2. Select 'ASVs workflow' panel (right-ribbon) and check that docker is running (green icon);
  • Here, working with demultiplexed data, where primers have already been removed; so do not tick DEMULTIPLEX, REORIENT, CUT PRIMERS (see here to analyse multiplexed data, and here if you need to cut primers/adapters).

Alternative text



3. 'QUALITY FILTERING'

Before adjusting quality filtering settings, let’s have a look on the quality profile of our example data set. Below quality profile plot was generated using QualityCheck panel (see here).

Alternative text

In this case, all R1 files are represented with green lines, indicating good average quality per file. However, all R2 files are either yellow or red, indicating a drop in quality scores. Lower qualities of R2 reads are characteristic for Illumina sequencing data, and is not too alarming. DADA2 algoritm is robust to lower quality sequences, but removing the low quality read parts will improve the DADA2 sensitivity to rare sequence variants.

  • Click on QUALITY FILTERING to expand the panel

  • specify identifier strings for read R1 and read R2. Here, fastq file names = F3D0_S188_L001_R1_001.fastq, F3D0_S188_L001_R2_001.fastq etc…; _R1 and _R2 are common identifiers for all files.

  • specify samp ID (sample identifier). Here _ (underscore), which denotes that sample name is a string before the first _ in the fastq file name.

  • trim reads to specified length to remove low quality ends. Set truncLen to 240 for trimming R1 reads and truncLen R2 to 160 to trim R2 reads. Latter positions represent the approximate positions where sequence quality drps notably (quality profile figure above). Be sure to consider the amplicon length before applying truncLen options, so that R1 and R2 reads would still overlap for the MERGE PAIRS process.

  • other settings as default.

(click on the image for enlargement) Alternative text

This step performs quality filtering.
Quality filtering settings here

Output directory = qualFiltered_out:
*_filt.fastq = quality filtered sequences per sample in FASTQ format
seq_count_summary.txt = summary of sequence counts per sample
FASTA/*_filt.fasta = quality filtered sequences per sample in FASTA format
4. Here, we use default 'DENOISE' and 'MERGE PAIRS' settings
This step performs denoising and merging of paired-end sequences.
Denoise settings : here, merge pairs settings here)

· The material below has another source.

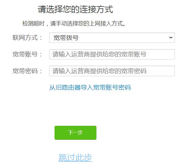 根据自己的网络环境,选择相应的上网方式,比如PPPoE、DHCP或者静态IP。如果不知道应该选择哪种上网方式,可以使用自动检测上网方式。

Output directory = denoised_assembled.dada2.
*.merged_ASVs.fasta = denoised and assembled ASVs per sample. ‘Size’ denotes the abundance of the ASV sequence
Error_rates_R1.pdf = plots for estimated R1 error rates
Error_rates_R2.pdf = plots for estimated R2 error rates
seq_count_summary.txt = summary of sequence and ASV counts per sample
5. Default settings for 'CHIMERA FILTERING'

(method = consensus)

This step performs chimera filtering on denoised and merged reads.
ASV table is generated during this step
Chimera filtering settings here

Output directories ->
chimeraFiltered_out.dada2:
*.chimFilt_ASVs.fasta = chimera filtered ASVs per sample. ‘Size’ denotes the abundance of the ASV sequence.
seq_count_summary.txt = summary of sequence and ASV counts per sample
*.chimeras.fasta = ASVs per sample that were flagged as chimeras (and thus discarded)
ASVs_out.dada2:
ASVs_table.txt = ASV distribution table per sample (tab delimited file)
ASVs.fasta = FASTA formatted representative ASV sequences (this file is used for taxonomy assignment)

6. 'ASSIGN TAXONOMY'
  • Click on ‘ASSIGN TAXONOMY’ to expand the panel

  • press DOWNLOAD DATABASES which direct you to the DADA2-formatted reference databases web page.

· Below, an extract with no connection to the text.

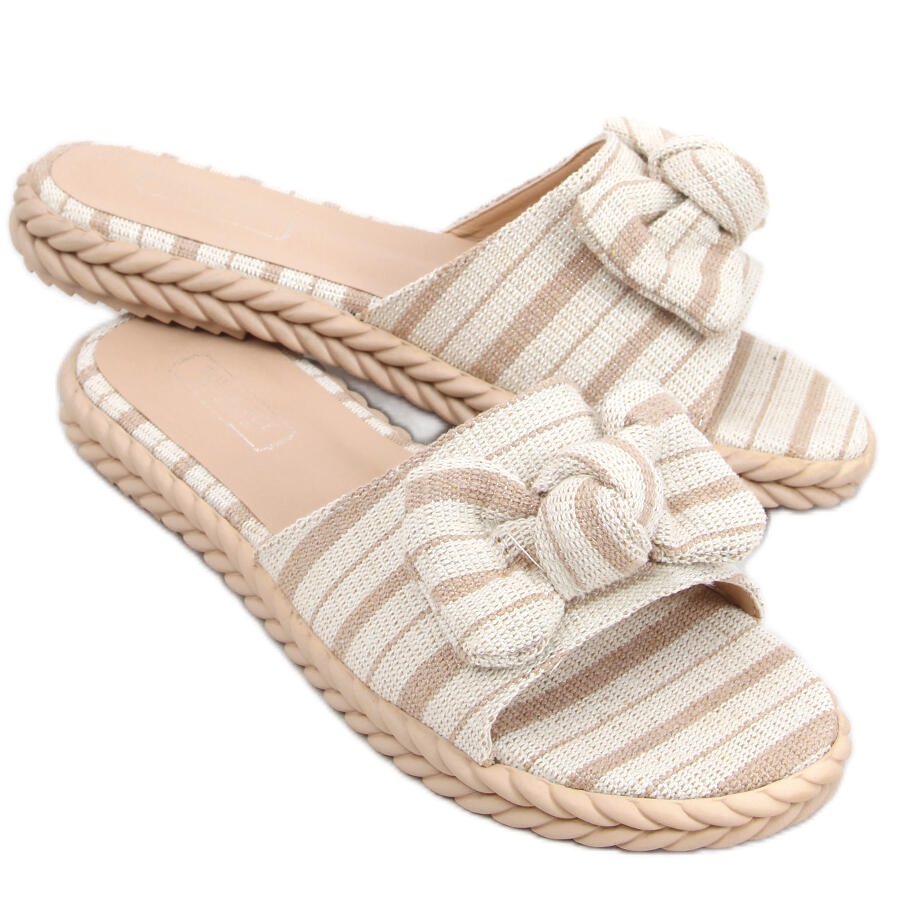 Adana Aprikos beige flipflops för kvinnor är det perfekta valet för sommardagar! Dessa snygga flip-flops med platt sula kombinerar funktionalitet med moderiktig design. Tack vare en vacker rosett framtill och ett original randigt mönster, kommer de att vara ett perfekt komplement till vilken sommarstyling som helst och lägga till lätthet och romantik till den.

  • download SILVA (silva_nr99_v138.1_wSpecies_train_set.fa.gz) database for assigning taxonomy to our 16S ASVs. Download link here

  • specify the location of your downloaded DADA2 database by pressing SELECT FASTA

  • since primers were already removed from this data set, we could not reorient all sequences to uniform orientation as based on primers. Therefore, swithc ON tryRC to include reverse-complement search.

Alternative text

This step assigns taxonomy to ASVs using DADA2 assignTaxonomy function.
Assign taxonomy settings here

Output directory = taxonomy_out.dada2:
taxonomy.txt = classifier results with bootstrap values
6.1. Save the workflow by pressing ``SAVE WORKFLOW`` button on the right-ribbon.
7.  Press** 'START' **to start the analyses.

Note

When running the panel for the first time, a docker image will be pulled first to start the process.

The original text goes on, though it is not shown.